**Prompt**.
What you return must be the exact lines of the material below, from the first through the one that has "Полки, расположенные в", with no pictures and, please, nothing else.

**Source material**.
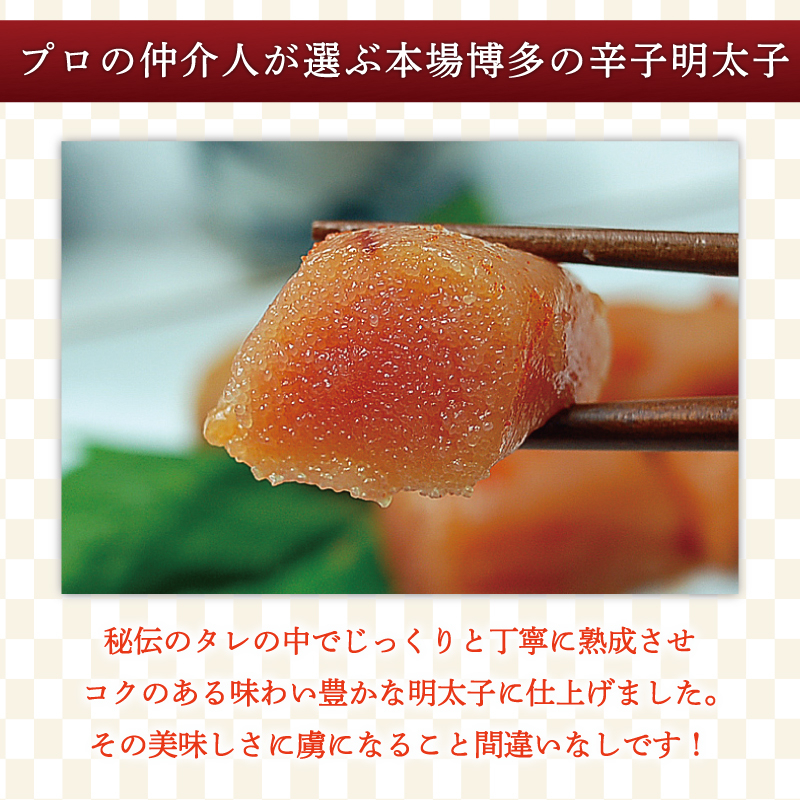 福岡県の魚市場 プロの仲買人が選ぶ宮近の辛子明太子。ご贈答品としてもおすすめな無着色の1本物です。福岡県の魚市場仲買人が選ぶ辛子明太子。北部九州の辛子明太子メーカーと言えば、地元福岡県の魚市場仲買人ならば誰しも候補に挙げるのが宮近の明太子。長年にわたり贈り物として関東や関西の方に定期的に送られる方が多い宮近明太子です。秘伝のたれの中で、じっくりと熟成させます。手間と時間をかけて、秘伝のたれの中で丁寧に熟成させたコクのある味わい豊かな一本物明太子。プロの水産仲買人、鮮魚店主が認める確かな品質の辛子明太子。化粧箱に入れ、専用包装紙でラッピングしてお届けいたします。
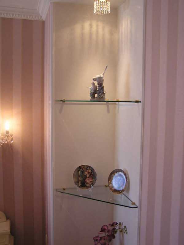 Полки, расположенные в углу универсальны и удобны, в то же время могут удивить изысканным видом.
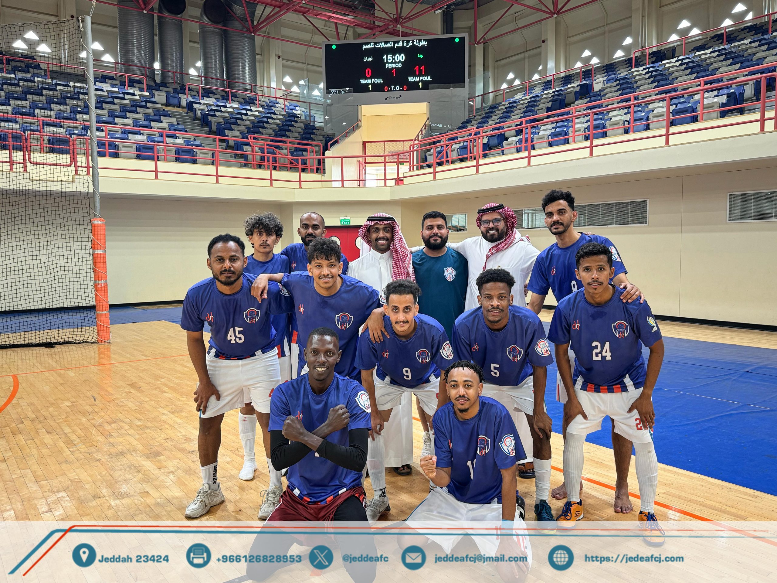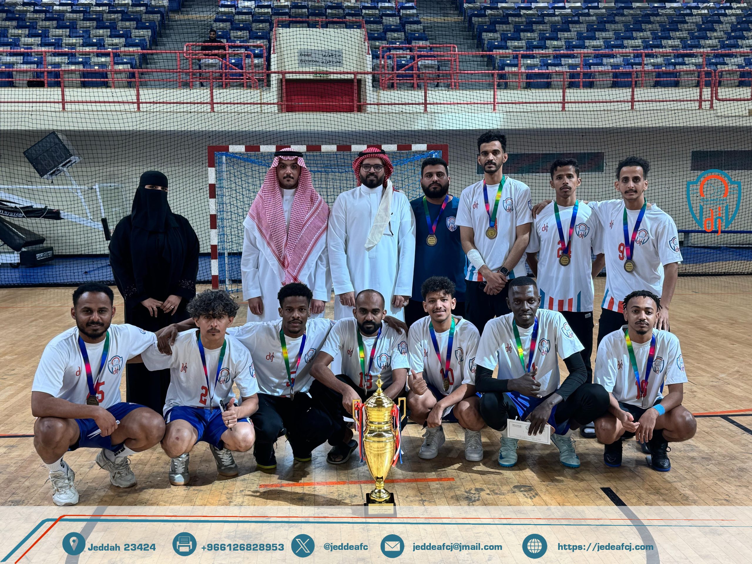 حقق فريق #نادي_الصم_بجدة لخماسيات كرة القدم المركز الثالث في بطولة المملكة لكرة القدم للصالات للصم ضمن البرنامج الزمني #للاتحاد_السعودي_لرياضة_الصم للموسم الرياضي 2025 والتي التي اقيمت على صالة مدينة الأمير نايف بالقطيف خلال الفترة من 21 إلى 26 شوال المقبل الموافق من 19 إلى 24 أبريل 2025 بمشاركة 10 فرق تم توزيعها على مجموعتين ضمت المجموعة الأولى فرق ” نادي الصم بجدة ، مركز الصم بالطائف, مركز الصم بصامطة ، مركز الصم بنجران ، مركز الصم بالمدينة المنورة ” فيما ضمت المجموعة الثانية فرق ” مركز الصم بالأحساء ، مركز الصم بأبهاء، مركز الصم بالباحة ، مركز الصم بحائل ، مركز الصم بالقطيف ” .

**Answer area**.
 福岡県の魚市場 プロの仲買人が選ぶ宮近の辛子明太子。ご贈答品としてもおすすめな無着色の1本物です。福岡県の魚市場仲買人が選ぶ辛子明太子。北部九州の辛子明太子メーカーと言えば、地元福岡県の魚市場仲買人ならば誰しも候補に挙げるのが宮近の明太子。長年にわたり贈り物として関東や関西の方に定期的に送られる方が多い宮近明太子です。秘伝のたれの中で、じっくりと熟成させます。手間と時間をかけて、秘伝のたれの中で丁寧に熟成させたコクのある味わい豊かな一本物明太子。プロの水産仲買人、鮮魚店主が認める確かな品質の辛子明太子。化粧箱に入れ、専用包装紙でラッピングしてお届けいたします。
 Полки, расположенные в углу универсальны и удобны, в то же время могут удивить изысканным видом.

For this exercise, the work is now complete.